#### Records shown:
::::::::
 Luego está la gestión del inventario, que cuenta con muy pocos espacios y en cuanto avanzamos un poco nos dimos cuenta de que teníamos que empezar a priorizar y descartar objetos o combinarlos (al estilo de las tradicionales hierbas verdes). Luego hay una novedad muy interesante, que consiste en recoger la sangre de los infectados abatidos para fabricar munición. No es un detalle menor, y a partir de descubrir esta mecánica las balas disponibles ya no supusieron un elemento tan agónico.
::::::::
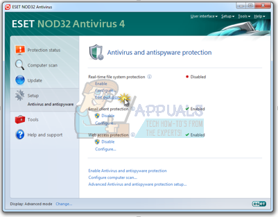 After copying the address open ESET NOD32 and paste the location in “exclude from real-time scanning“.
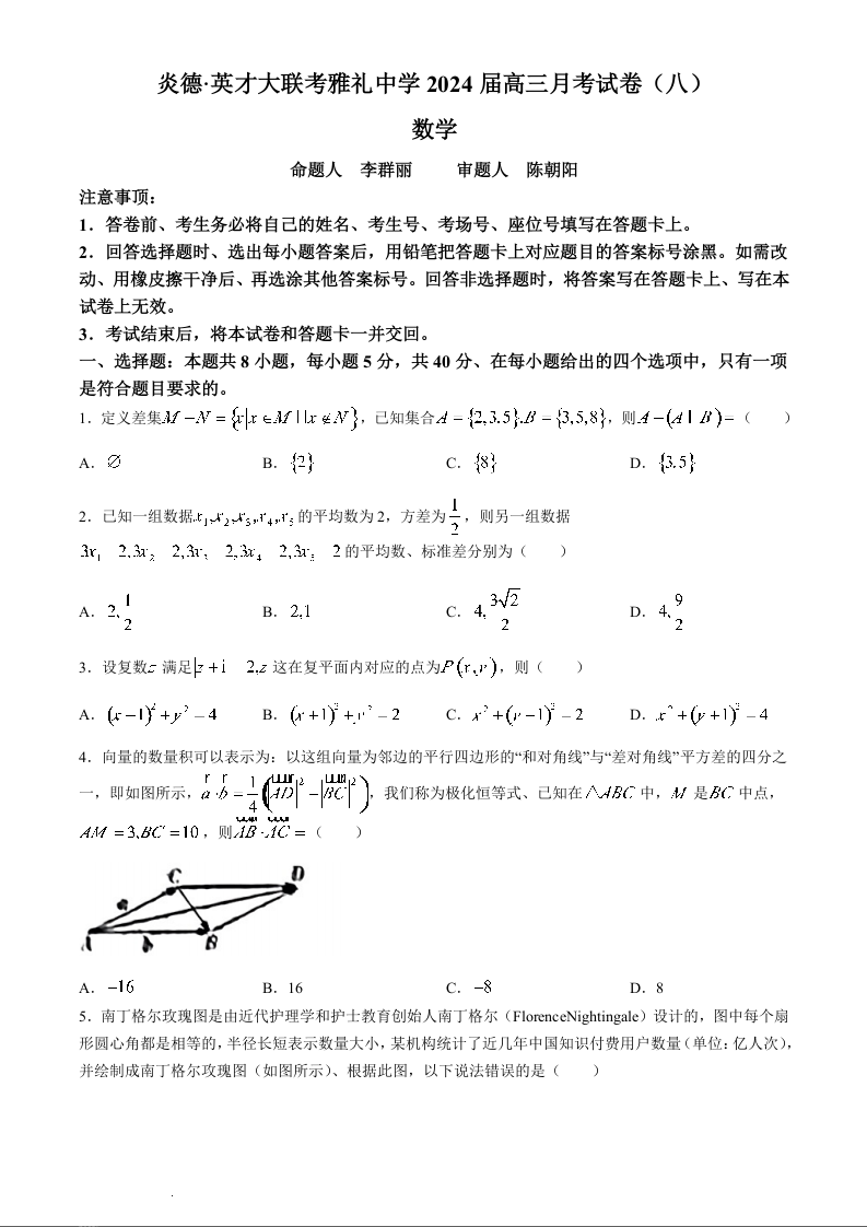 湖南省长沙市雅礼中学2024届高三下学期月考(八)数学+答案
::::::::
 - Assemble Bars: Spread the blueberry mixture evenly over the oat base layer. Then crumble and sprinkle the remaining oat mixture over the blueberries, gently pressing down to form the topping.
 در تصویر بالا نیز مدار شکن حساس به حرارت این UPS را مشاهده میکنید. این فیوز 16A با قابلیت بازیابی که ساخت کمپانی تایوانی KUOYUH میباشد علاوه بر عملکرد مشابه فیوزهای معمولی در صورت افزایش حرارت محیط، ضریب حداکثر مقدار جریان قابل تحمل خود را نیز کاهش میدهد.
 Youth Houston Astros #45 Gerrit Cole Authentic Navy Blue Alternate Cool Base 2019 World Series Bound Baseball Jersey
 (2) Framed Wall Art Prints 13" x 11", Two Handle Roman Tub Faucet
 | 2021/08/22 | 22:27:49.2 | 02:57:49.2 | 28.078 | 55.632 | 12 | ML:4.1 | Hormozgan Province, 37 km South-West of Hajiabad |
::::::::
#### Exercise prompt:
Could you retype exactly the lines above, starting at the line that contains "Youth Houston Astros" and ending at the line that contains "of Hajiabad |", and nothing more?

#### Task answer:
 Youth Houston Astros #45 Gerrit Cole Authentic Navy Blue Alternate Cool Base 2019 World Series Bound Baseball Jersey
 (2) Framed Wall Art Prints 13" x 11", Two Handle Roman Tub Faucet
 | 2021/08/22 | 22:27:49.2 | 02:57:49.2 | 28.078 | 55.632 | 12 | ML:4.1 | Hormozgan Province, 37 km South-West of Hajiabad |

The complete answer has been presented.